Ask him how, and he’s off, giving us a leaf from his guide to attracting business in the UK.

Chapter one: The “mental” capital gains tax.

“The UK’s capital gains tax is just mental. Why are we taxing people on gains when they risk their capital on taxed incomes? Why should we tax venture capitalists for risking their money on entrepreneurs? It’s just disappointing.”

How about initiatives like Seed Enterprise Investment Scheme (SEIS)?

“Oh! Nobody pays attention to that. People like me are too busy to read those documents, or go to my accountant to get explanations. The process is just too complicated.”

 Chapter two: Don’t start up to sell out

Wagner says that UK investors need to be more adventurous with funding business ideas as that’s what will help Britain produce business rock stars.

“Investors have very clear remit to sell-out. The entrepreneur gets money from a venture capital fund and then he has six years before he/she is forced to exit.
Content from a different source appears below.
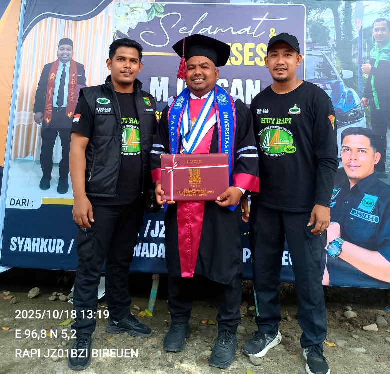 Suatu kebanggaan tersendiri bagi organisasi Radio Antar Penduduk Indonesia (RAPI) Wilayah JZ01ZZW05 Bireuen, karena salah seorang pengurus aktifnya, M. Ikhsan (JZ01AYV), resmi diwisuda sebagai Magister Pendidikan Agama Islam dalam prosesi tersebut.

We don’t have enough investors in the UK who are in for the long-term.”

Chapter three: Failure is a war wound

The other business blocker that gets on Wagner’s nerves is Britain’s attitude towards failure.
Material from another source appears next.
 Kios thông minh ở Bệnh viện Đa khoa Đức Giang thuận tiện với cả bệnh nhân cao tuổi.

“If you start a business and you fail, people should say ‘Well done mate!’. People should be supported for attempting.

“You can succeed only if you fail, and failure shouldn’t be seen as a black mark, it should be seen as a war wound. You’ve had a go, learnt from you mistakes, and now you’re going to try again.”

Becoming a billion-dollar company

Towards the end of the interview, Wagner talks about why he’s not ready to rest untll Powa becomes a multi-billion-dollar company.

“Our investor, rumoured to be Wellington, did not invest in us to be worth a few million. Our valuation as part of this investment is in many hundreds of millions of dollars.

“I love saying all this stuff when I am not a public company. If I was a public company and I said all this stuff, I would’ve been slapped up by the forecasting,” he jokes

No shooting for the stars for Wagner – “aiming directly for the moon” is more his style.

But what can Britain do to keep him here?

“You have a very favourably disposed CEO who wants to be here if the conditions are right. But as much as I want it, I don’t see that happening in London.

“I don’t want to take a chance this time.”